It’s clear these aren’t shallow emotions, that the meaning of it all runs far deeper than simply winning that record fifth successive All-Ireland by the age of 26.

It’s also about what it means to the Brian Fenton who is his dad, and would mean to the loved one they both lost when his mother Marian died in 2013, just before he began to become the Dublin footballer he is now.

That’s also behind the magic he conjures up on the football field, and why meeting his dad is always part of the peaceful aftermath, not to talk possessions or assists or how many championship matches he’s now gone unbeaten (36, for those who are counting). For starters his dad is a Kerry man, born and bred, and there’s a different kind of magic about that.

“My dad is old school, a man who keeps his cards close to his chest, but we’re all emotional humans, we want that bit of recognition. When I catch his eye in the stand after a game there are no words, just a look that says ‘I’m proud of you’, and that’s how I get my kicks.

“He played quite a bit himself, was a bit of a troubadour. So he went to Templemore, to join the guards, straight out of Killarney aged 18, 19. Then got stationed in Dublin, played a bit with Beann Eadair in Howth, a bit with Ballymun Kickhams as well.

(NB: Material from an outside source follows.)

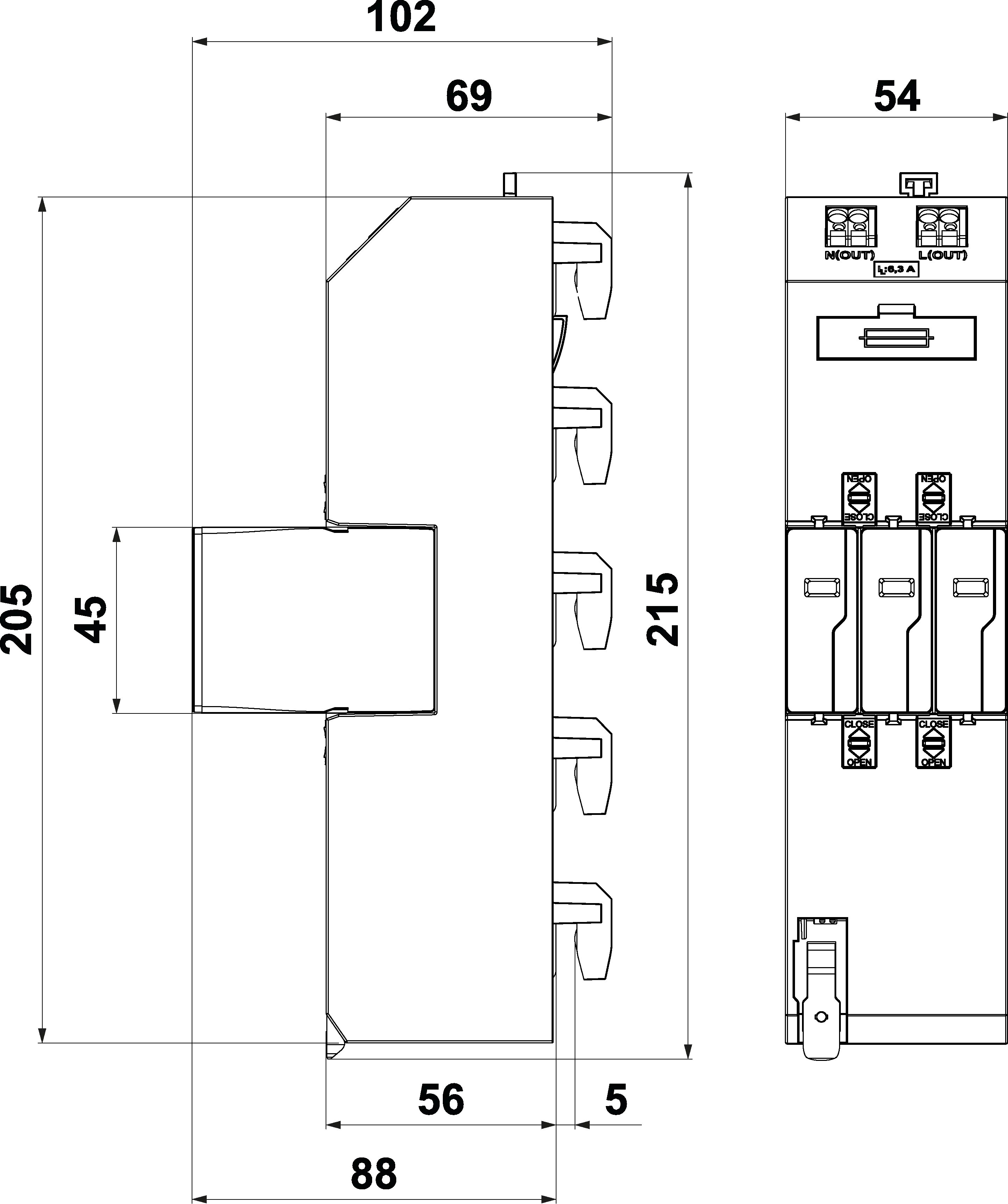 | Montage | Sammelschienen 40 mm | |

Then he was stationed in Donegal for a while, played there, still has good friends up there.

Old school mentality

“Then he came back to Dublin, was an inspector in Raheny, bought the house here, then all us sprogs came along. I’ve moved out of the family home the last few months, still ring him every day, but when I was there I’d come home from training and he’d want to know everything.

“You know, the last thing you want to talk about is training, but he’d want to know was I okay, sleeping enough, just wanting the best for me, that old school mentality.

“So I know I owe it to a lot of people, the likes of the late Dave Billings of UCD, the likes of my mam, always, that I want to pay back. Which always makes it an emotional few days in that way too.”

The Cedar Lounge might be vaguely familiar to those who remember certain scenes from The Snapper, only for Fenton it brings things back in another sense. He grew up around here at a time when Dublin couldn’t win an All-Ireland to save their lives.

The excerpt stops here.